##### SOURCE MATERIAL #####
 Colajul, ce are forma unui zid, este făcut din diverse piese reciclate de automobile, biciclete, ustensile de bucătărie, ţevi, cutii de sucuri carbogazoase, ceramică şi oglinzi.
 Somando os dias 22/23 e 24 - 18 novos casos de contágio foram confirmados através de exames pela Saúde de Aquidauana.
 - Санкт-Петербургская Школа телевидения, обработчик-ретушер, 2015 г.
#####
##### SOURCE MATERIAL #####
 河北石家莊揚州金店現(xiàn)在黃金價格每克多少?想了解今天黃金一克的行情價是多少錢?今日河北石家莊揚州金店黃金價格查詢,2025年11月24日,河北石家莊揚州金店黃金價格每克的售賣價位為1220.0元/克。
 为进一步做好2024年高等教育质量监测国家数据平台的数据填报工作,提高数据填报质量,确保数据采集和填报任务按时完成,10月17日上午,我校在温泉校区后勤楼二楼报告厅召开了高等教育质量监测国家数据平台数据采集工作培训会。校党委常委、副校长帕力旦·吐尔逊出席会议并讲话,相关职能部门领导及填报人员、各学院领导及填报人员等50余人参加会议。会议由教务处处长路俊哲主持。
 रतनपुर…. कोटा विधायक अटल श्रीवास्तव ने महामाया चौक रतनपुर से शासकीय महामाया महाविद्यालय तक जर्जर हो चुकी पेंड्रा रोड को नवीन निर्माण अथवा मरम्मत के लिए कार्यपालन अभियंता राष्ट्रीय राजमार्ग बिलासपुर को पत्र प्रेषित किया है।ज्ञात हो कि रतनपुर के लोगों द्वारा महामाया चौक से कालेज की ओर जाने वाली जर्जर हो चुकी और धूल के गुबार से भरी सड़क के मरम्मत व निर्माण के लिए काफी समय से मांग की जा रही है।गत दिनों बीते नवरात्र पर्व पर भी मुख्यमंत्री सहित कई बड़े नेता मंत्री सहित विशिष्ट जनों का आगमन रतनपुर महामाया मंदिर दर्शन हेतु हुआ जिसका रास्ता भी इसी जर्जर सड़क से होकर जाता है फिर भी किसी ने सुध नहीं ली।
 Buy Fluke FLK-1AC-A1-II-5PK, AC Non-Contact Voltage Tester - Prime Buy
#####
##### SOURCE MATERIAL #####
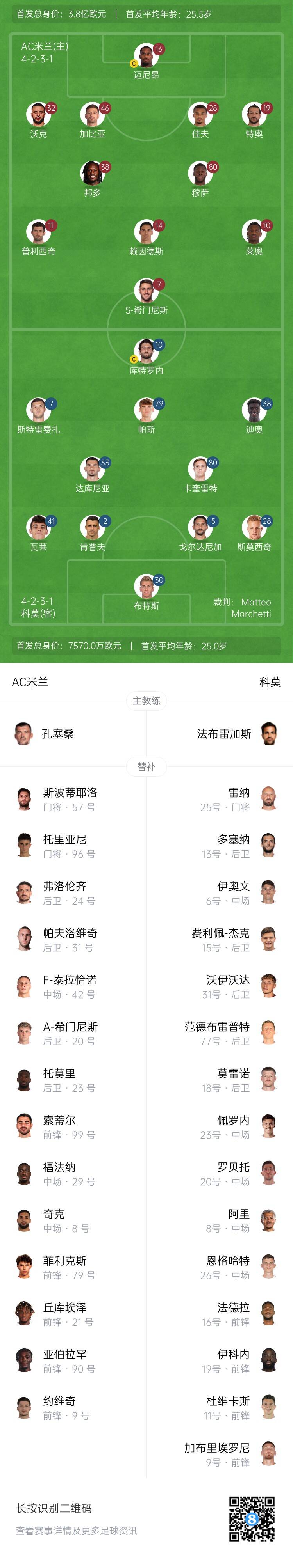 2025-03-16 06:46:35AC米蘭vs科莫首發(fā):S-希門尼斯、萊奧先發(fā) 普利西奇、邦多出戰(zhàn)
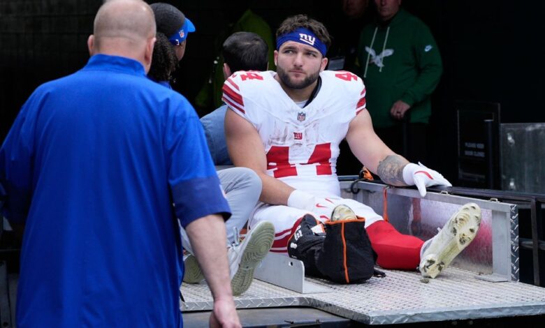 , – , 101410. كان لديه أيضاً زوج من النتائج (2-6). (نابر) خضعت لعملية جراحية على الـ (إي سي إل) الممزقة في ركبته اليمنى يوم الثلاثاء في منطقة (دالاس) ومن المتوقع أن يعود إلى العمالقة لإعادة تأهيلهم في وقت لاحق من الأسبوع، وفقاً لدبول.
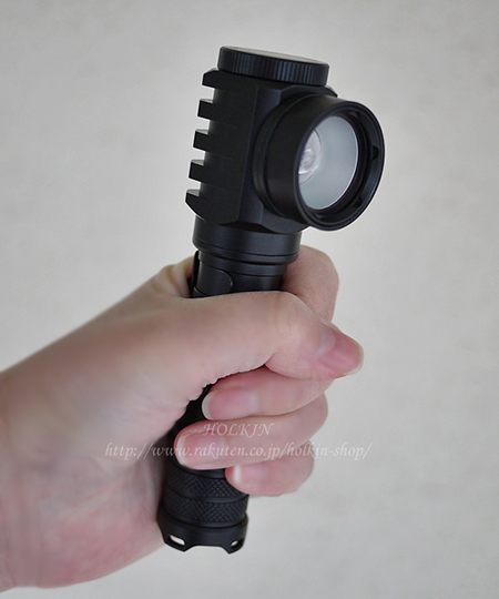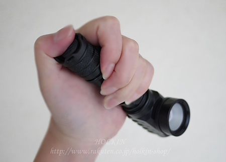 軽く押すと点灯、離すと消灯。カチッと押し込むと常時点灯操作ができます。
#####
Your answer should consist solely of the lines above from the line with "रतनपुर…. कोटा विधायक" to the line with "Buy Fluke FLK-1AC-A1-II-5PK, AC", both included, reproduced exactly.

SOLVED PROBLEM:
 रतनपुर…. कोटा विधायक अटल श्रीवास्तव ने महामाया चौक रतनपुर से शासकीय महामाया महाविद्यालय तक जर्जर हो चुकी पेंड्रा रोड को नवीन निर्माण अथवा मरम्मत के लिए कार्यपालन अभियंता राष्ट्रीय राजमार्ग बिलासपुर को पत्र प्रेषित किया है।ज्ञात हो कि रतनपुर के लोगों द्वारा महामाया चौक से कालेज की ओर जाने वाली जर्जर हो चुकी और धूल के गुबार से भरी सड़क के मरम्मत व निर्माण के लिए काफी समय से मांग की जा रही है।गत दिनों बीते नवरात्र पर्व पर भी मुख्यमंत्री सहित कई बड़े नेता मंत्री सहित विशिष्ट जनों का आगमन रतनपुर महामाया मंदिर दर्शन हेतु हुआ जिसका रास्ता भी इसी जर्जर सड़क से होकर जाता है फिर भी किसी ने सुध नहीं ली।
 Buy Fluke FLK-1AC-A1-II-5PK, AC Non-Contact Voltage Tester - Prime Buy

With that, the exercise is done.